TextbookFilter
About 368 wordsAbout 1 min
2025-10-09
概述
TextbookFilter is an operator that filters data based on scores from the TextbookScorer. It uses a FastText classifier to assess the educational value of text, determining if it is suitable as educational material. The classifier is trained to identify text with educational significance, a clear structure, and accurate knowledge, making it suitable for building educational datasets.
init
def __init__(self, min_score=0.99, max_score=1, model_cache_dir:str='./dataflow_cache')init Parameters
| Parameter | Type | Default | Description |
|---|---|---|---|
| min_score | float | 0.99 | The minimum educational value score threshold for retaining samples. |
| max_score | int | 1 | The maximum educational value score threshold for retaining samples. |
| model_cache_dir | str | './dataflow_cache' | The directory for caching the scoring model. |
Prompt Template Descriptions
| Prompt Template Name | Primary Use | Applicable Scenarios | Feature Description |
|---|---|---|---|
run
def run(self, storage: DataFlowStorage, input_key: str, output_key: str='TextbookScore')Executes the main logic of the operator.

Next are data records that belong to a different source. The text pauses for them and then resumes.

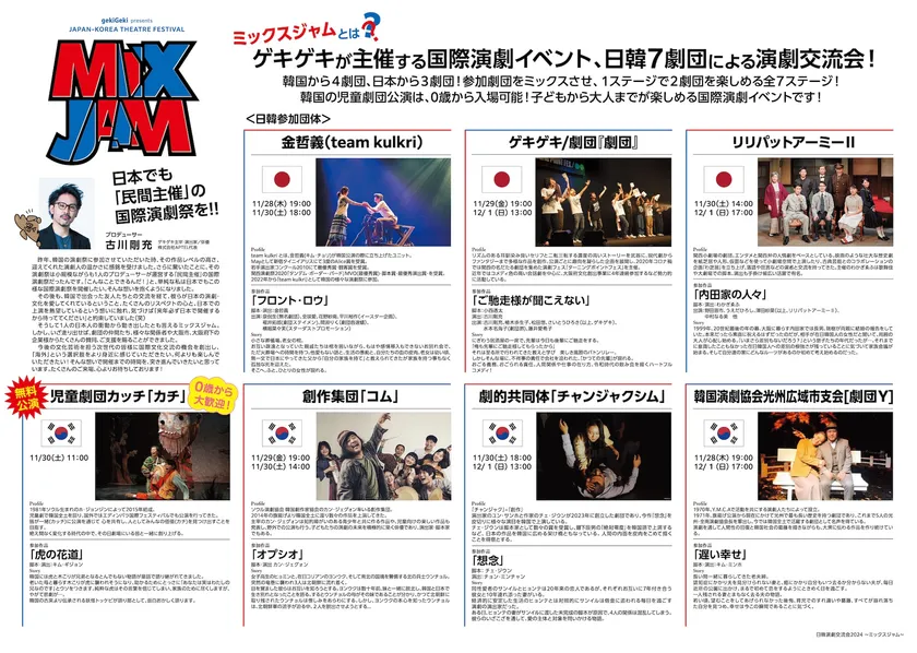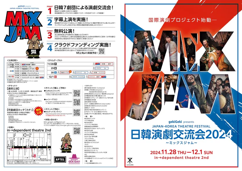 日韓7劇団による国際演劇イベント 「日韓演劇交流会2024~ミックスジャム~」を 大阪・日本橋の劇場にて11月28日(木)~12月1日(日)開催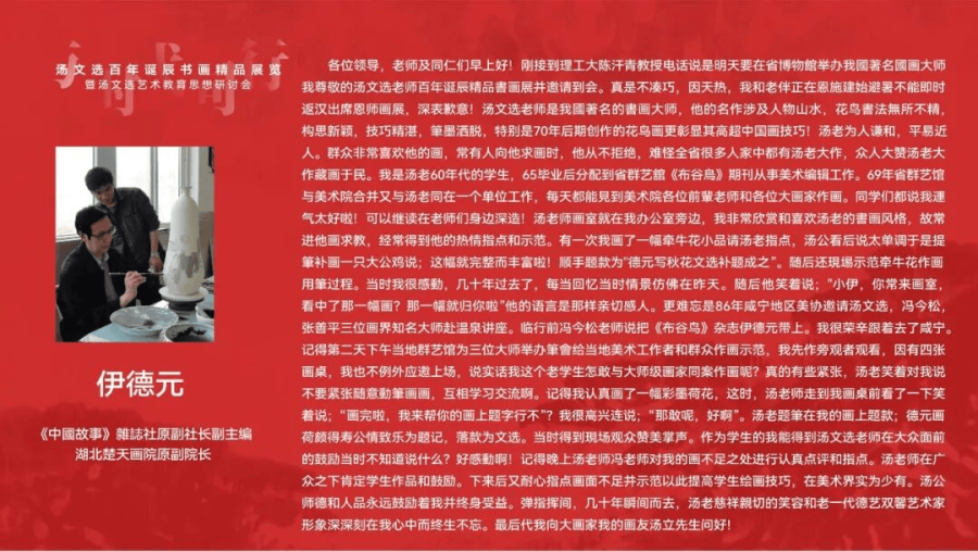 《中国故事》杂志社原副社长、原湖北楚天画院伊德元副院长回忆道:汤老师是我国著名的书画大师,其名作涉及人物山水,花鸟書法無所不精,构思新颖,技巧精湛,筆墨洒脱,特别是70年后期的创作更彰显其高超中国画技巧!汤老平易近人,群众非常喜欢他的画…他对学生作品总是热情指点。有次他给我画上题款,赢得现场观众赞美;当晚汤老又对我画上不足耐心点评、示范。汤老德艺双馨的艺术教育家形象我们终生不忘。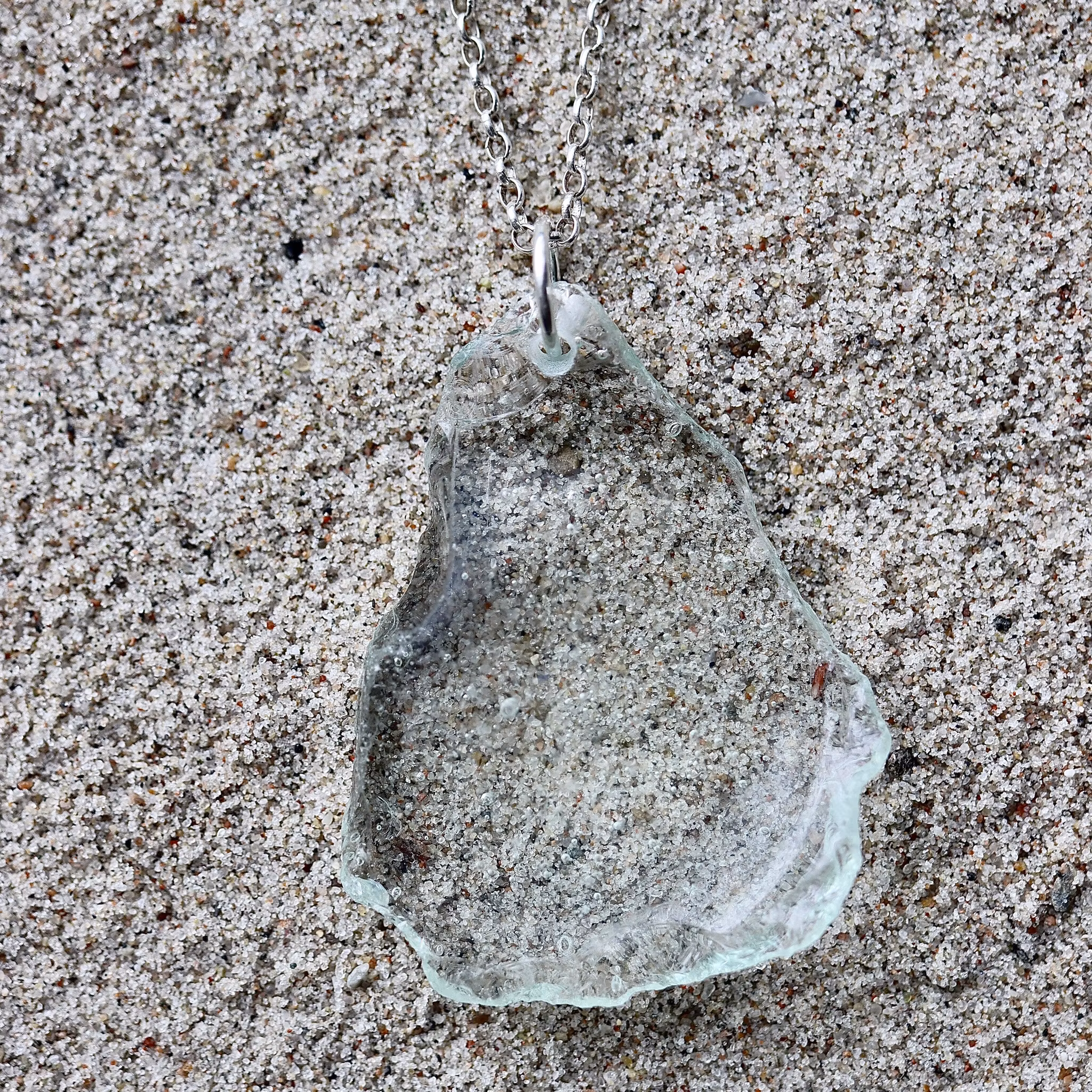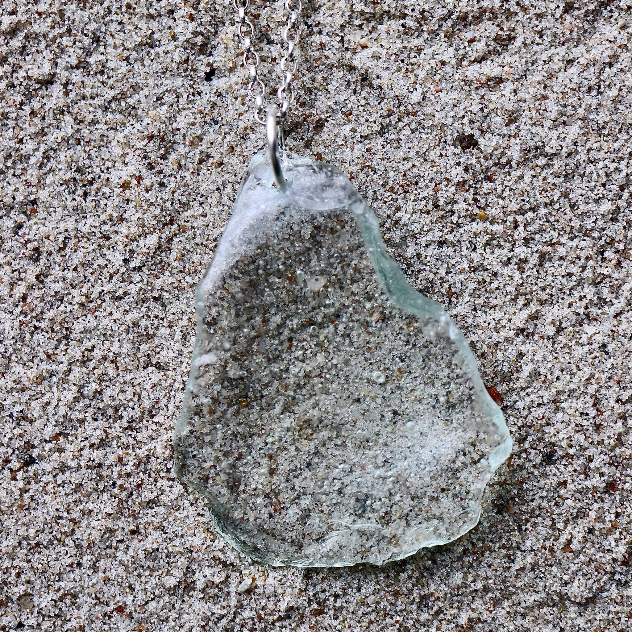 Havsglaset är samlat längs Skånes stränder och helt obearbetat, endast varsamt tvättat och borrat.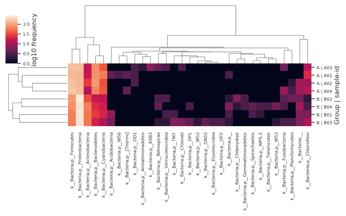 物種豐度聚類熱圖:以顏色梯度來代表數(shù)據(jù)矩陣中數(shù)值的大小并根據(jù)物種或樣品豐度相似性進(jìn)行聚類的一種圖形展示方式。將高豐度和低豐度的物種分塊聚集,通過顏色梯度及相似程度來反映多個樣品群落組成的相似性和差異性。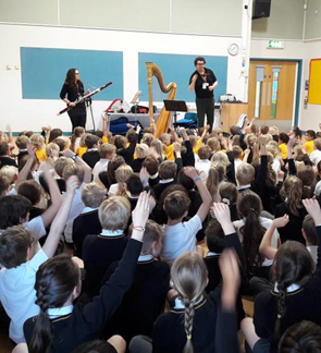The week celebrated some of the lesser seen instruments of the orchestra, to enable children to experience the whole range of instrumental options available to them. Inspired by the new commission of an opera, Burning Boy by Stephen McNeff which was performed at the end of the week, instruments touring the region ranged from horn to harp and double bass and offered children the opportunity to see these instruments up close.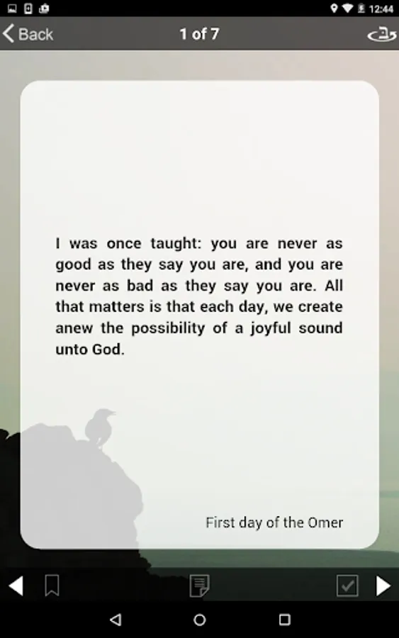 "Daily contemplation and consideration enable us to focus our attention and heighten our awareness toward the importance and sacred energy of our lives. For forty-nine days, or seven weeks, we take on a discipline and an obligation to mindfully enter the day, to be aware of its potential power to matter, to make a difference, to make it count for something.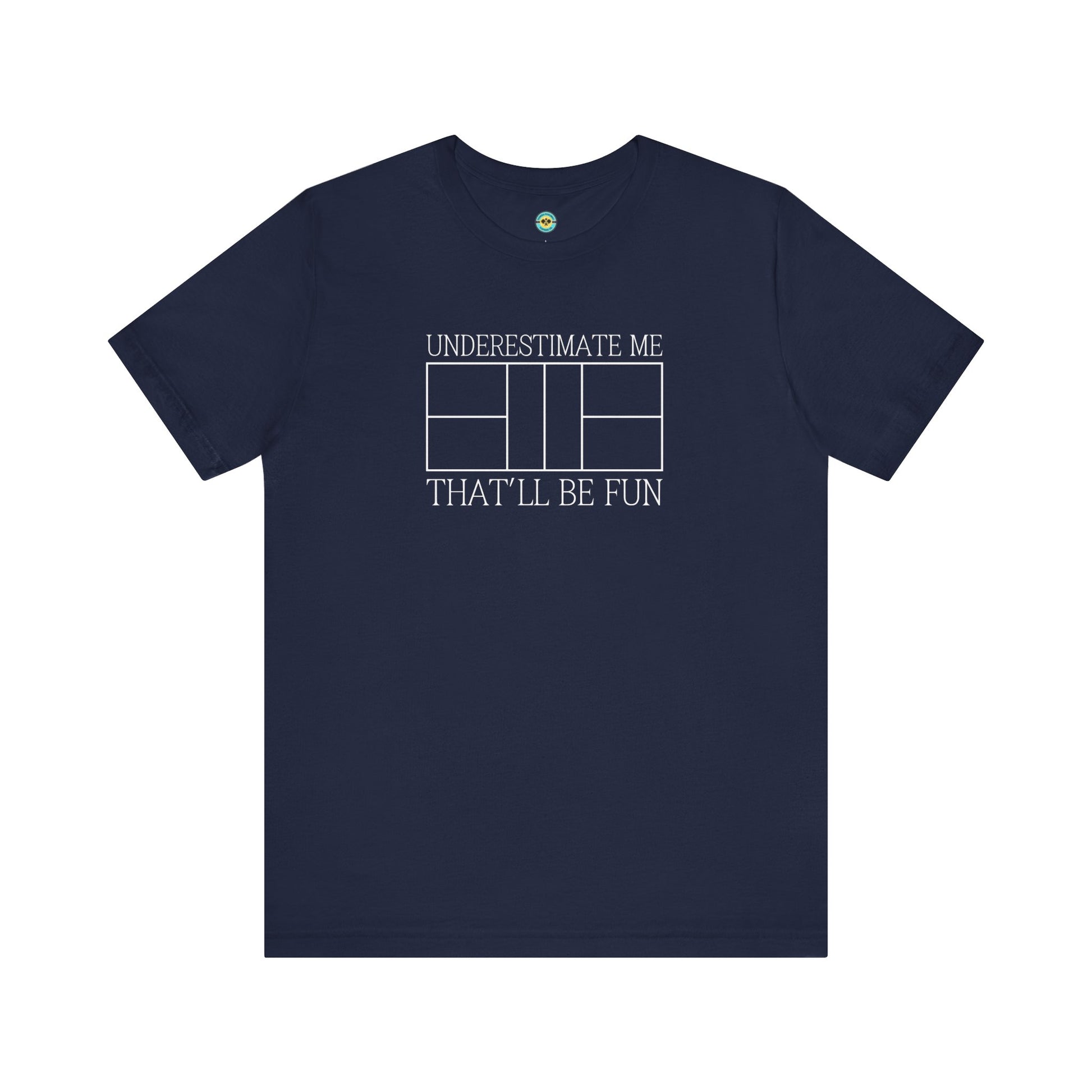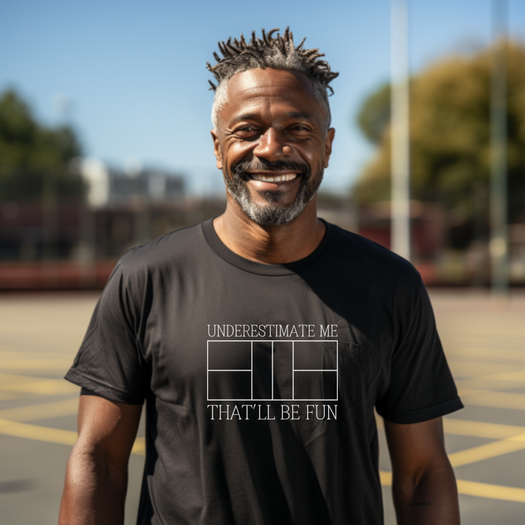 Step onto the court with attitude in our "Underestimate Me That'll Be Fun" tee. This shirt is for any player who thrives on proving the doubters wrong. Show them that underestimating you was their first mistake. Game On!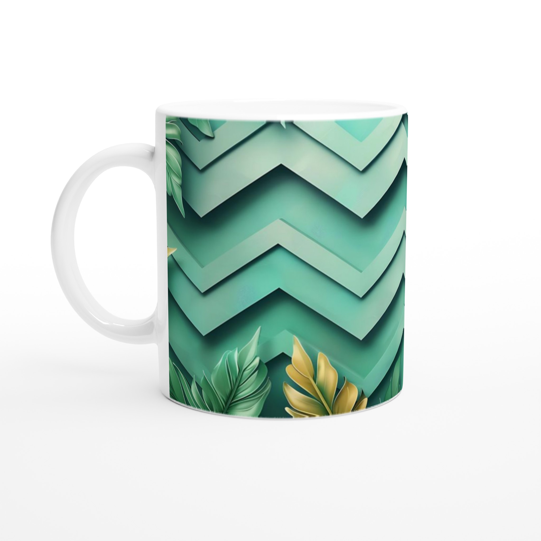 Lyft varje kaffestund med vår premium keramikmugg – stilren, hållbar och skapad för att låta ditt motiv glänsa. Inspirerad av tropiska paradis och geometrisk elegans, ger denna mugg en känsla av lugn och stil till din dryckesupplevelse. Den livfulla illustrationen av gyllene och gröna löv mot en turkos chevronbakgrund gör varje klunk till en liten semester.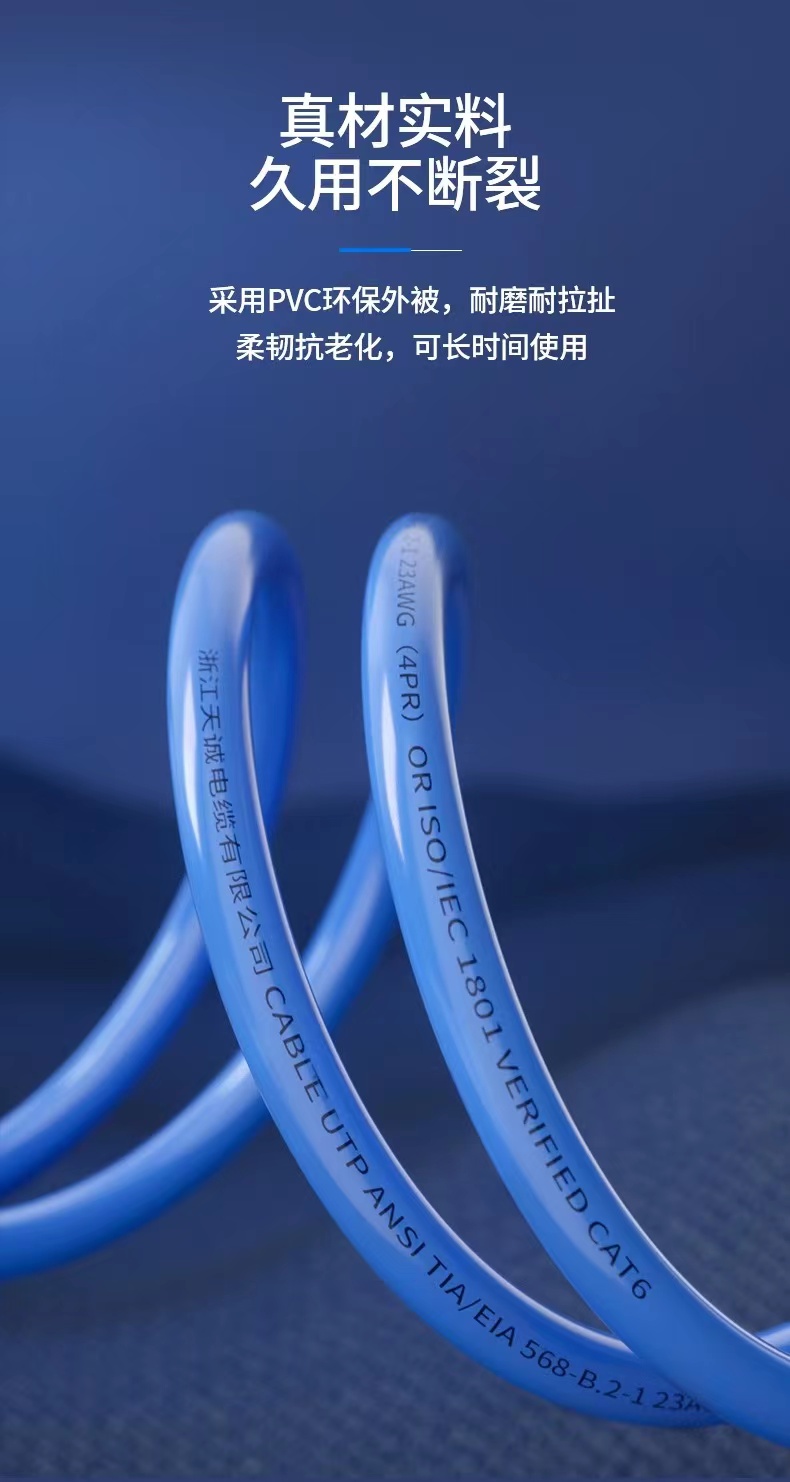 采用规格23AWG的单芯裸铜为导体,聚乙烯类高分子材料为绝缘体,外皮材料采用阻燃型高分子材料,颜色为蓝/绿;双绞线符合国际规范(ISO/IEC)的要求,电气特性超过六类(Cat.6)国际规范的要求,电缆中心十字架隔离保证NEXT性能和合理施工弯曲半径。
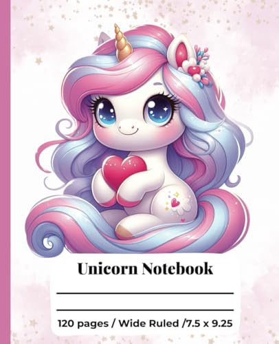 Composition notebook: Cute Unicorn with Purple and Pink Hair | Wide Ruled Notebook | Composition notebook wide ruled, 7.5 x 9.25, 120 Pages, For kids, teens, and adults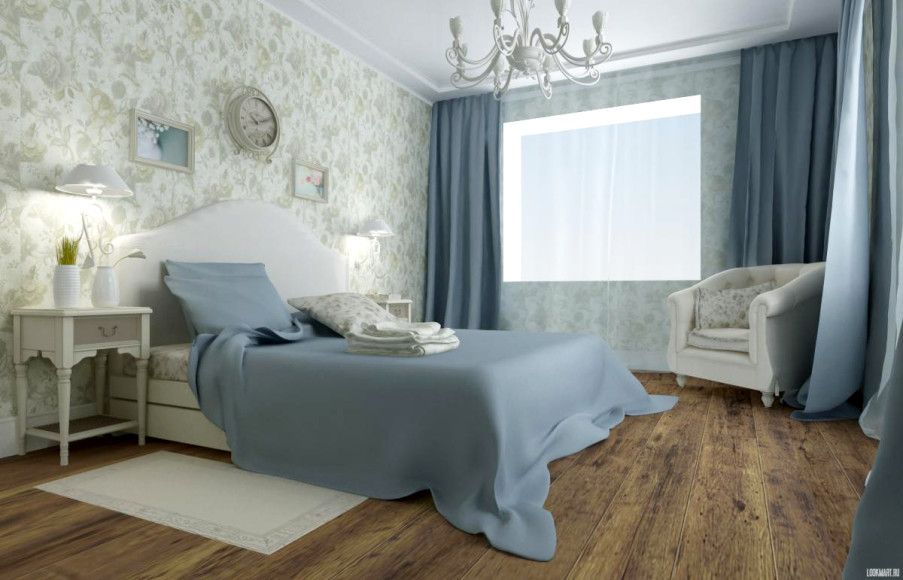 프로방스 침실 스타일. 흰색과 로얄블루로 완성하였다.

It reads an input DataFrame from storage, calculates the educational value score for the specified text column, adds the score as a new column, and writes back a new DataFrame containing only the rows that fall within the [min_score, max_score] range.
Parameters
| Name | Type | Default | Description |
|---|---|---|---|
| storage | DataFlowStorage | Required | The DataFlow storage instance, responsible for reading and writing data. |
| input_key | str | Required | The column name of the input text to be evaluated. |
| output_key | str | "TextbookScore" | The column name for the generated educational value score. |
🧠 Example Usage
from dataflow.operators.text_pt.filter import TextbookFilter
from dataflow.utils.storage import FileStorage
# Prepare data and storage
storage = FileStorage(first_entry_file_name="pt_input.jsonl")
# Initialize and run the filter
textbook_filter = TextbookFilter(
min_score=0.99,
max_score=1,
model_cache_dir='./dataflow_cache'
)
textbook_filter.run(
storage.step(),
input_key='raw_content',
output_key='TextbookScore'
)🧾 Default Output Format
The operator filters the input data and adds a new column containing the educational score. Only rows where the score is between min_score and max_score are kept.
| Field | Type | Description |
|---|---|---|
| ... | ... | Original columns from the input data. |
| TextbookScore | float | The educational value score calculated for the text in input_key. The name of this field is determined by the output_key parameter. |
Example Input:
{
"raw_content": "AMICUS ANTHOLOGIES, PART ONE (1965-1972)..."
}Example Output (assuming the score passes the filter):
{
"raw_content": "AMICUS ANTHOLOGIES, PART ONE (1965-1972)...",
"TextbookScore": 2.9629482031
}